Scientists have created a shocking animation showing how tiny bits of plastic are moving around Earth’s oceans.
The researchers used NASA satellite data to track the movement of microplastics – tiny plastic fragments less than five millimeters long in diameter.
Their animation shows a high microplastic concentration around the South China Sea and the Gulf of Thailand, as well as Central America’s west coast.
Plastic that falls into our rivers or is engulfed by tides at beaches gets transported by currents before ending up in the open ocean.
These plastics are broken down by waves and sunlight into small microplastics, which can be mistaken for food by marine life with fatal consequences.
Plastic that falls into our rivers or is engulfed by tides at beaches gets transported by currents before ending up in the open ocean (stock image)
Eventually plastic becomes trapped in the centres of ocean basins or subtropical ‘gyres’ – large systems of rotating currents in each of the five major oceans.
Unfortunately, the world’s five subtropical gyres can go on to host ‘garbage patches’, comprised of plastic waste, fishing gear and other debris.
The Great Pacific Garbage Patch, between California and Hawaii, is the most well-known because a lot of ship traffic passes through it.
About 8 million tons of plastic flow from rivers and beaches into the ocean every year, according to NASA.
The animation was created by scientists at the University of Michigan and detailed in a new paper published on IEEE Xplore.
‘Ocean microplastic concentrations are known to vary significantly by location, with especially high levels in the North Atlantic and North Pacific gyres,’ they say.
‘A new method is presented for detecting and imaging the global distribution of ocean microplastics from space.’
The animation shows the location and concentration of floating plastics between April 2017 to September 2018.
It shows some seasonal variations in microplastic concentrations – in the Great Pacific Garbage Patch, for example, microplastic concentrations appear greater in the summer and lower in winter.
This is likely due to more ‘vertical mixing’ of the ocean when the temperatures are cooler.
Vertical mixing is the upward and downward movement of air or water that occurs as a result of temperature differences between layers of the fluid.

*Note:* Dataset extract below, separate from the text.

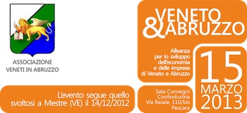 Veneto&Abruzzo è promosso dall’Associazione degli imprenditori e professionisti “Veneto e Abruzzo”, con il contributo scientifico del CERVAS Centro di Ricerca dell’Università degli Studi di Chieti-Pescara, con la collaborazione di Confindustria Veneto, Confindustria Abruzzo, Confartigianato Veneto, Confartigianato Abruzzo, Coldiretti Veneto, Coldiretti Abruzzo, Artigianfidi Vicenza, Confidi Mutualcredito di Pescara e Banca IFIS.

The animation and images on this page show the location and concentration of floating plastics between April 2017 to September 2018. Data were collected between approximately 38 degrees north and 38 degrees south latitude, the observation range for the CYGNSS mission
Scientists typically estimate the amount plastic in marine garbage patches by dragging nets behind boats.
However, this sampling method is ‘geographically sparse’, according to NASA’s Earth Observatory, and does not give a sense of how much plastic concentrations change over time.
So the University of Michigan researchers developed a new method to map the concentration of ocean microplastics around the world.
They used data from eight microsatellites that are part of the Cyclone Global Navigation Satellite System (CYGNSS) mission.
The $157 million CYGNSS project, launched in 2016, is primarily meant to improve hurricane forecasting.
Radio signals from GPS satellites reflect off the ocean surface, and CYGNSS satellites detect those reflections.
Researchers used data from eight microsatellites that are part of the Cyclone Global Navigation Satellite System (CYGNSS) mission (one depicted here)
Scientists can then analyse the signals to measure the roughness of the ocean surface.
These measurements already provide scientists with a means to derive ocean wind speeds, useful for studying phenomena like hurricanes, but the signals also reveal the presence of plastic.
When there is plastic or other debris near the ocean surface, waves are dampened and the sea surface is less rough than it would be otherwise.
‘In cleaner waters, there’s a high degree of agreement between ocean roughness and wind speed,’ said Chris Ruf, principal investigator of the CYGNSS mission and one of the two authors of the paper.
‘But as you head into the Great Pacific Garbage Patch, you see a bigger discrepancy between wind speed measurements and the roughness of the surface.’
The new method will provide better monitoring of ocean microplastics and ‘support future model development and validation’, according to the team.
An analysis earlier this year by researchers at Kyushu University found there are 24.4 trillion pieces of microplastics in the ocean and counting.